The Transformations The two well-studied problems here are how to make a static structure dynamic and how to allow queries in old states of a dynamic data structure. Static structures, like the interval trees: they are built once and then allow queries, but no changes of the underlying data. To make them dynamic, we want to allow changes in the underlying data. There are efficient construction methods that take the static data structure as a black box, which is used to build the new dynamic structure.The most important such class is the decomposable searching problems.

decomposable searching problems The notion of decomposable search problems, and the idea of a static-to-dynamic transformation, goes back to Bentley (1979). The underlying idea is always that the current set is partitioned in a number of blocks X = X 1 ∪ · · · ∪ X m. Each block is stored by one static structure; queries are answered by querying each of these static structures, and updates are performed by rebuilding one or several blocks.

decomposable searching problems The original method in Bentley (1979) uses only blocks whose size is a power of two, and only one block of each size. Thus there are at most log n blocks. This gives a bad worst-case complexity because we might have to rebuild everything into one structure; but the structure of size 2 i is rebuilt only when the ith bit of n changes, which is every 2 i−1 th step.

Insertion

If preproc(k) is the time to build a static structure of size k, then the total time of the first n inserts is: Thus the amortized insertion time in a set of n elements is

Theorem Given a static structure for a decomposable searching problem that can be built in time O (n(log n) c ) and that answers queries in time O(log n) for an n-element set, the exponential-blocks transformation gives a structure for the same problem that supports insertion in amortized O((log n) c+1 ) time and queries in worst-case O((log n) 2 ) time.

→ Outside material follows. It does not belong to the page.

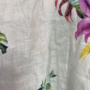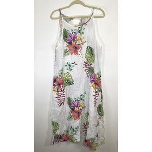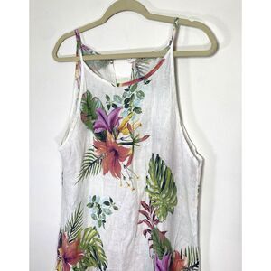Effortlessly romantic, this Lungo L’arno midi dress is a breathable 100% linen beauty made in Italy. Tropical white floral print, strappy top, and breezy side slits make it your dream summer staple. Unlined for easy layering. Approx length: 45". Good condition—missing back button and faint stain (see pic).

This method is not useful for deletion; if we delete an element from the largest block, we have to rebuild everything, so we can easily construct a sequence of alternating insert and delete operations, in which each time the entire structure has to be rebuilt. A method that also supports deletion partitions the set in Θ(√n) blocks of size O(√n).

Theorem Given a static structure for a decomposable searching problem that can be built in time O (n(log n) c ) and that answers queries in time O(log n) for an n-element set, the √n-blocks transformation gives a structure for the same problem that supports insertion and deletion in O(√n(log n) c ) time and queries in O(√n log n) time, all times worst case.

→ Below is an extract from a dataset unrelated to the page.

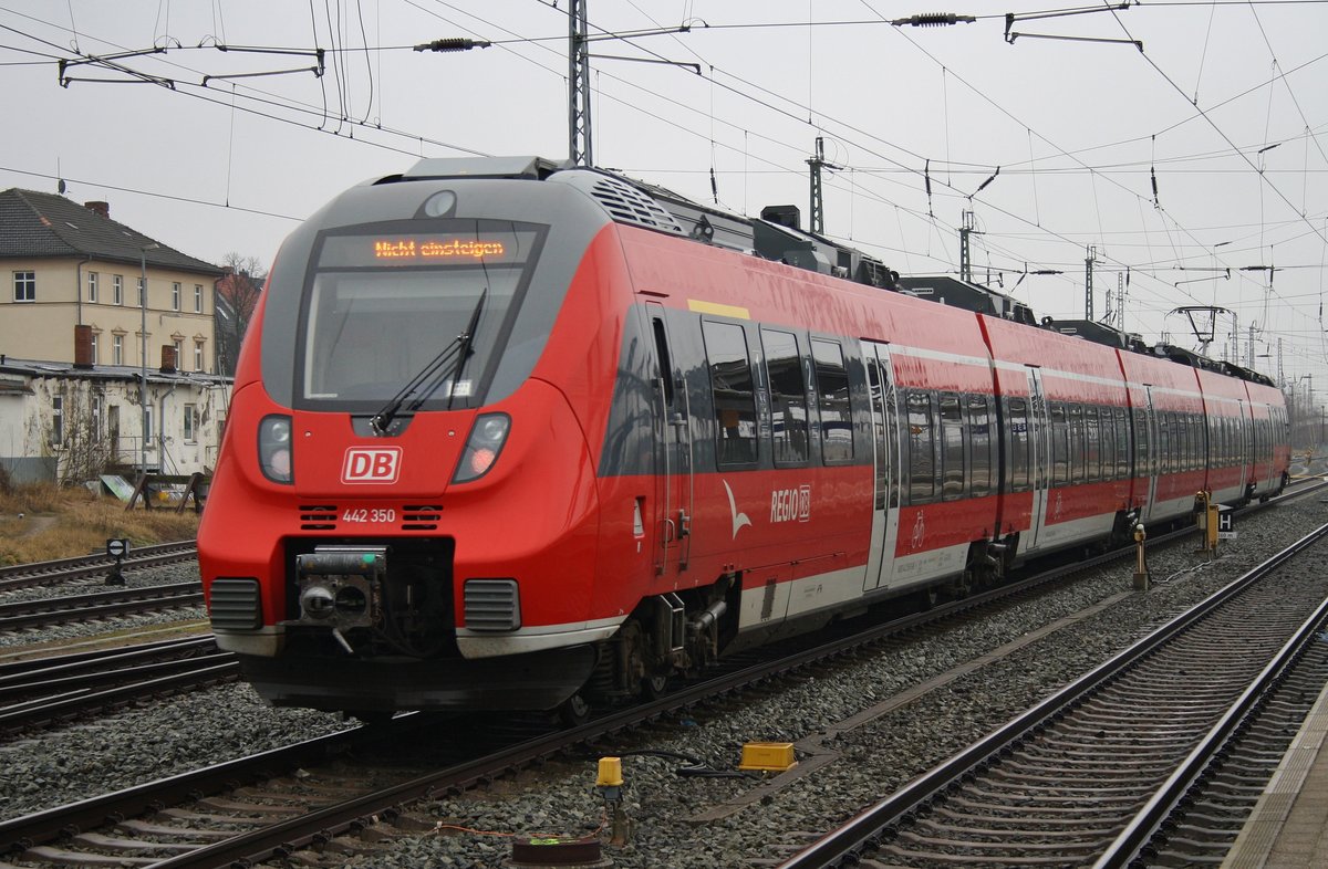 442 350-5 kam am 5.2.2017 als S2 aus Güstrow nach Rostock, soeben wird der Hauptbahnof in Richtung BW verlassen.

Weak deletion A weak deletion deletes the element, so that the queries are answered correctly, but the time bound for subsequent queries and weak deletions does not decrease. If we combine the weak deletion with the exponential- blocks idea, we get the following structure: The current set is partitioned into blocks, where each block has a nominal size and an actual size. The nominal size is a power of 2, with each power occurring at most once. The actual size of a block with nominal size 2 i is between 2 i−1 + 1 and 2 i.

To delete an element, we find its block and perform a weak deletion, decreasing the actual size. If by this the actual size of the block becomes 2 i−1, we check whether there is a block of nominal size 2 i−1 ; if there is none, we rebuild the block of actual size 2 i−1 as block of nominal size 2 i−1. Else, we rebuild the block of actual size 2 i−1 together with the elements of the block of nominal size 2 i−1 as block of nominal size 2 i. To insert an element, we create a block of size 1 and perform the binary addition of the blocks, based on their nominal size. To query, we perform the query for each block.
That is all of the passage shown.